- [EXERCISE DIRECTIONS] Once "- Περιμένετε έως" turns up in a line below, reproduce that line and those after it exactly, stopping after the line with "Функции: точка Ин-сян"; leave pictures out.

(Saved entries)
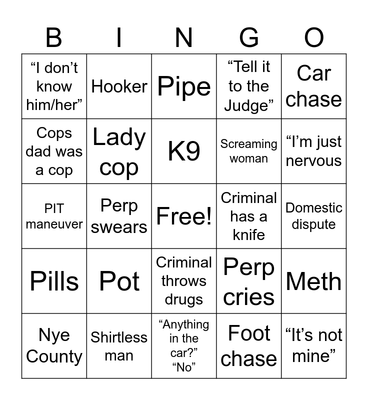 This bingo card has a free space and 24 words: Pot, Shirtless man, K9, Nye County, Car chase, “I don’t know him/her”, Cops dad was a cop, Hooker, Criminal has a knife, Criminal throws drugs, Screaming woman, PIT maneuver, Perp cries, Meth, Lady cop, Foot chase, Domestic dispute, Pipe, “I’m just nervous, Perp swears, “It’s not mine”, Pills, “Tell it to the Judge” and “Anything in the car?” “No”.
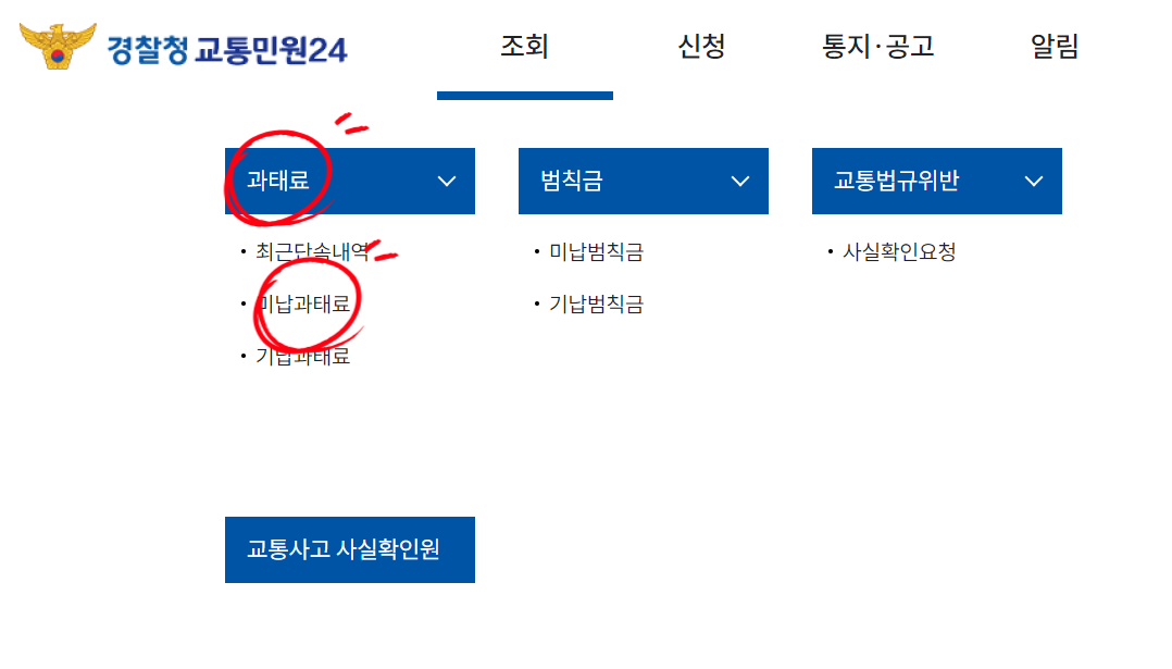 - 조회>과태료>미납과태료 메뉴를 클릭합니다.
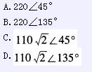 已知电源电动势E(t)=220cos(314t+45°)V,代表它的有效值相量是()V。
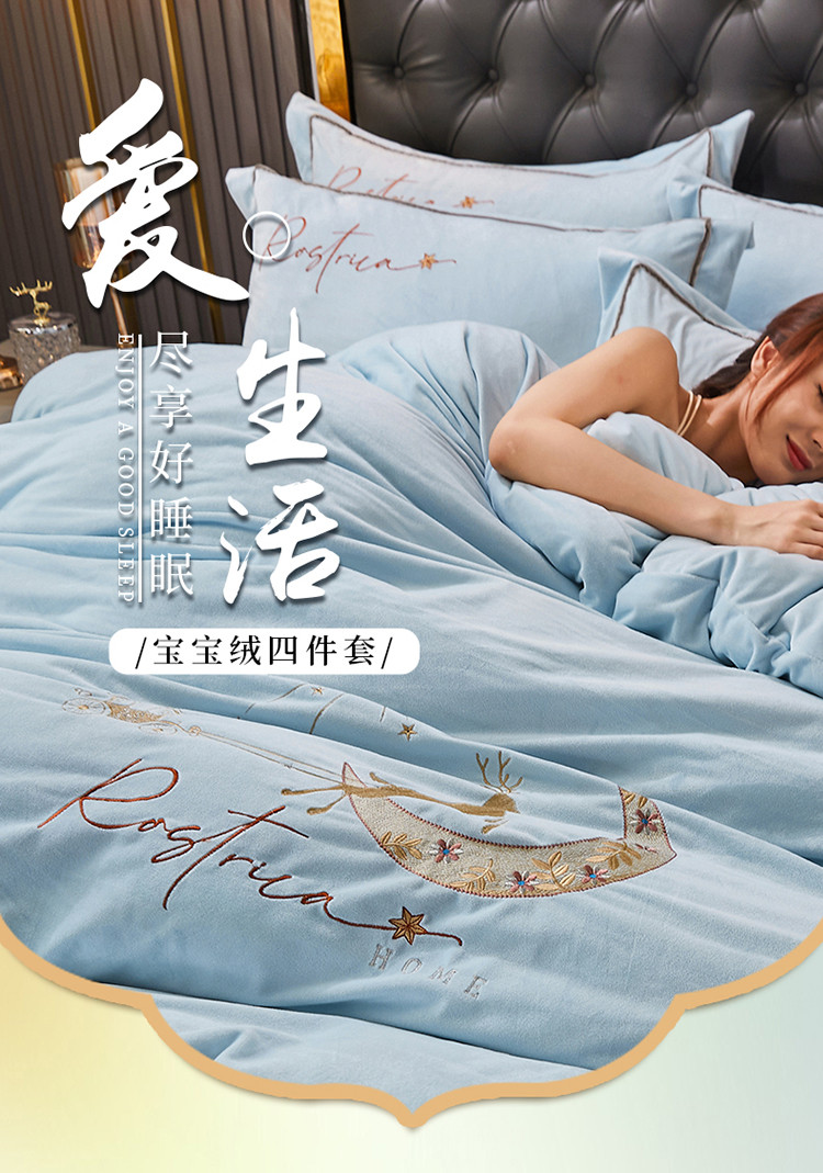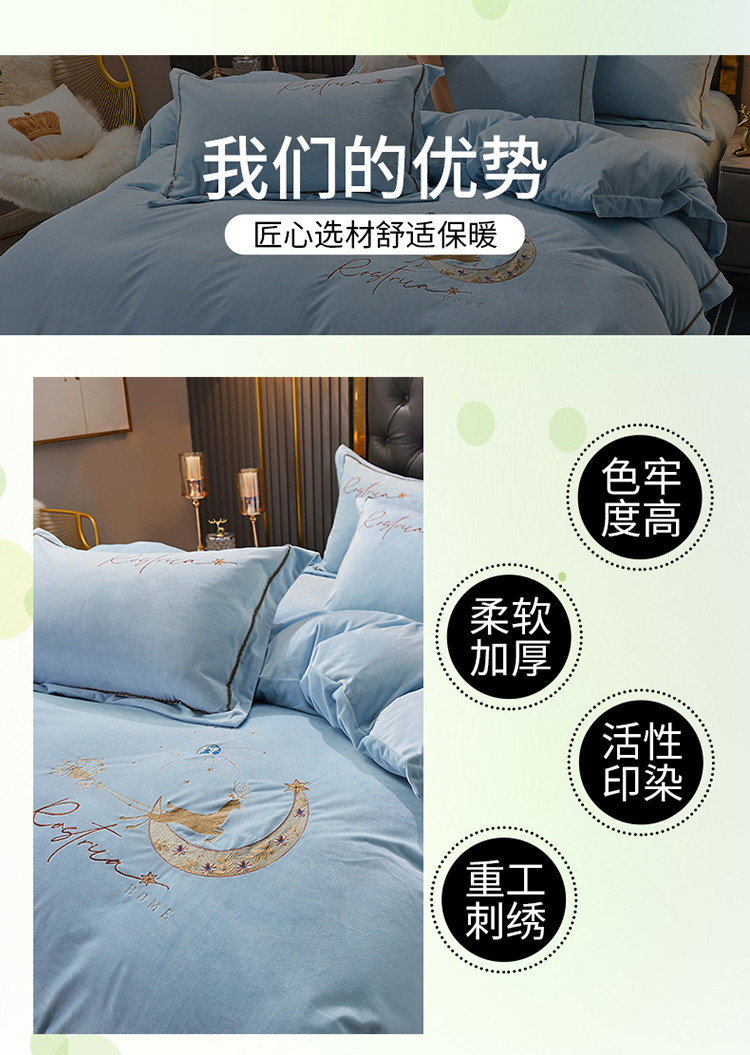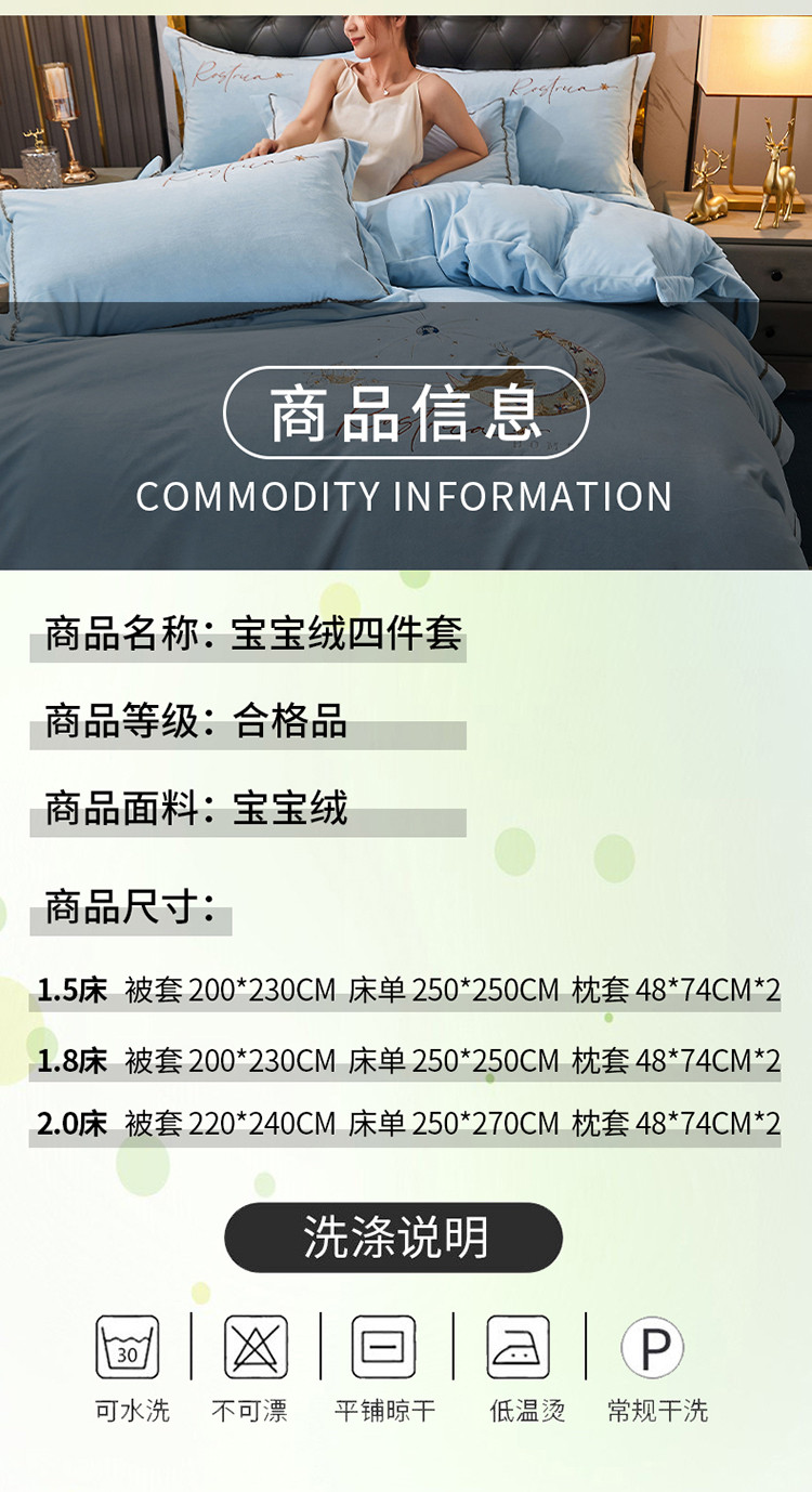 商品名称:铠畅 2021新款典雅宝宝绒刺绣四件套 典雅-浅蓝
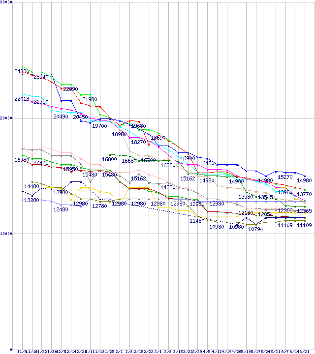 ※製品名をクリックすると個別のグラフを表示します ※点線部は販売店が確認できなかった、または調査データがないことを示します |
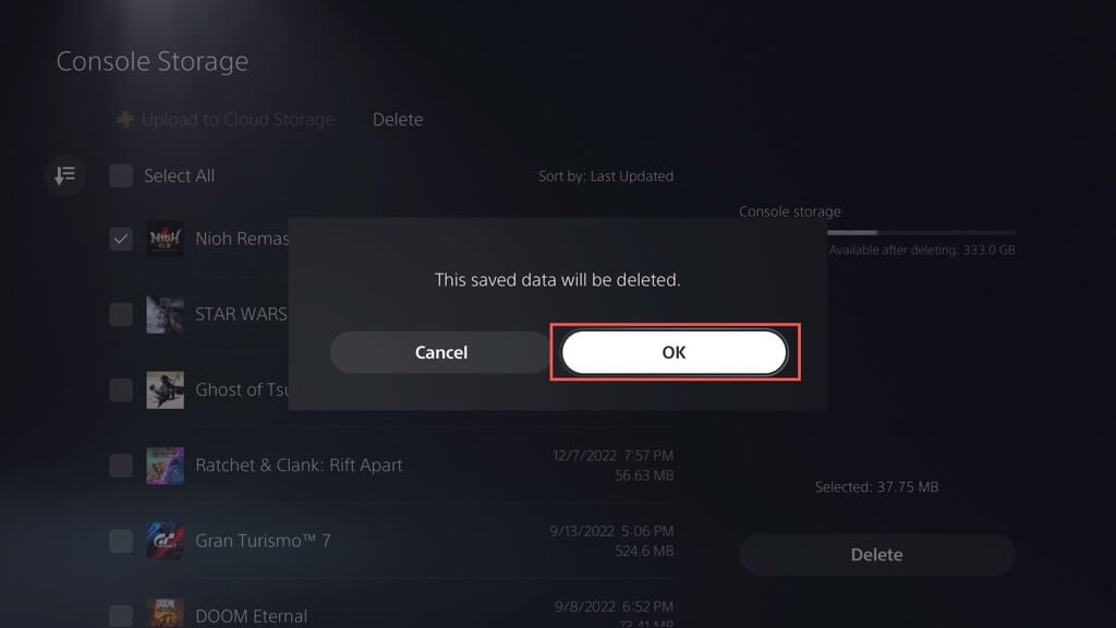- Περιμένετε έως ότου το PS5 διαγράψει τα επιλεγμένα αρχεία.
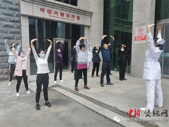 內(nèi)科樓外,呼吸與危重癥醫(yī)學(xué)科的醫(yī)護(hù)人員在科主任劉中友的帶領(lǐng)下和老年人一起練起了八段錦和易筋經(jīng)。他們動(dòng)作有力,松弛有度,眼神專注,一動(dòng)一靜之中展現(xiàn)運(yùn)動(dòng)的魅力,現(xiàn)場(chǎng)掌聲不斷,一些圍觀的老人和家屬也躍躍欲試。
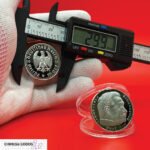 কয়েনের প্রযুক্তিগত স্পেসিফিকেশন (আসল কয়েনের স্ট্যান্ডার্ড মাপকাঠির উপর ভিত্তি করে; রেপ্লিকা হিসেবে সামান্য তারতম্য হতে পারে)
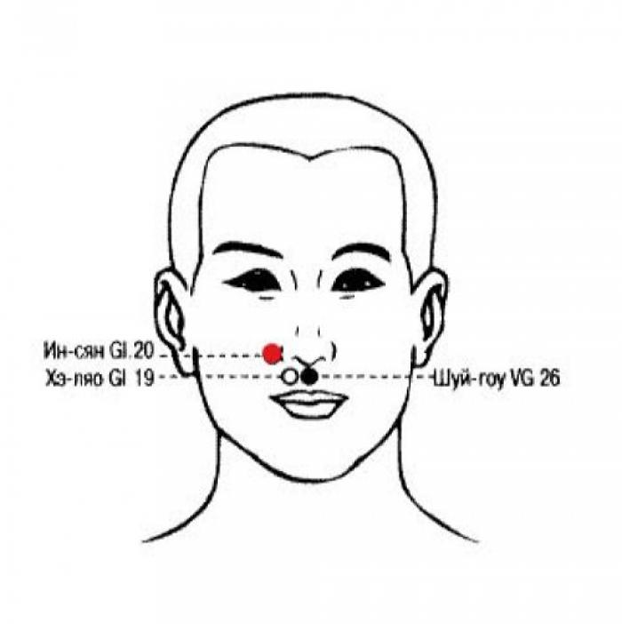 Функции: точка Ин-сян GI.20 расположена в области носа, поэтому основными показаниями для ее использования являются различные заболевания носа, а также некоторые болезни лица.
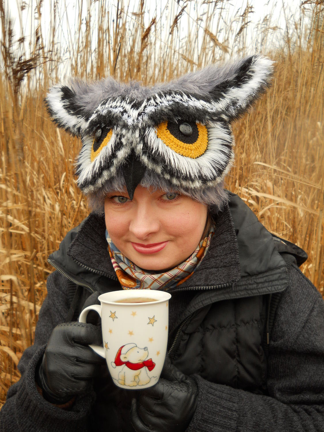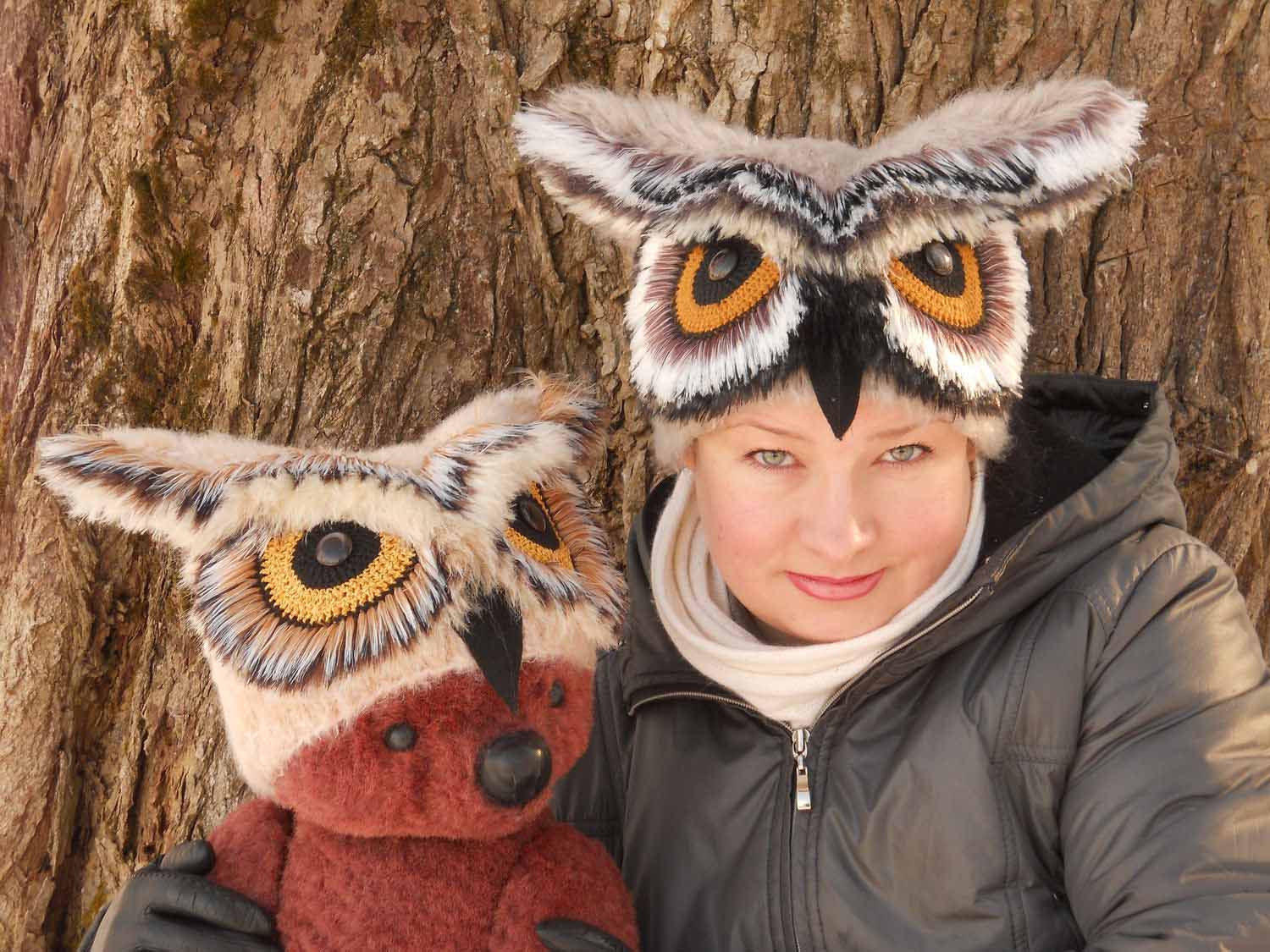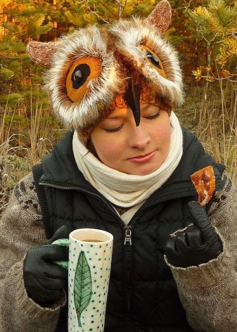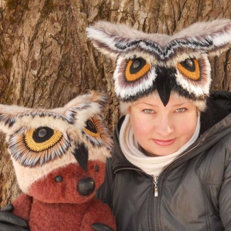 An owl hat for an adult is a great option for those who want to plunge into childhood again, feel their energy and improve their mood. Feedback from customers is positive. Girls write that hats are appropriate in any situation. In winter, the product provides heat, helps to escape from the dank wind and snow.

- [FINISHED EXERCISE]
- Περιμένετε έως ότου το PS5 διαγράψει τα επιλεγμένα αρχεία.
 內(nèi)科樓外,呼吸與危重癥醫(yī)學(xué)科的醫(yī)護(hù)人員在科主任劉中友的帶領(lǐng)下和老年人一起練起了八段錦和易筋經(jīng)。他們動(dòng)作有力,松弛有度,眼神專注,一動(dòng)一靜之中展現(xiàn)運(yùn)動(dòng)的魅力,現(xiàn)場(chǎng)掌聲不斷,一些圍觀的老人和家屬也躍躍欲試。
 কয়েনের প্রযুক্তিগত স্পেসিফিকেশন (আসল কয়েনের স্ট্যান্ডার্ড মাপকাঠির উপর ভিত্তি করে; রেপ্লিকা হিসেবে সামান্য তারতম্য হতে পারে)
 Функции: точка Ин-сян GI.20 расположена в области носа, поэтому основными показаниями для ее использования являются различные заболевания носа, а также некоторые болезни лица.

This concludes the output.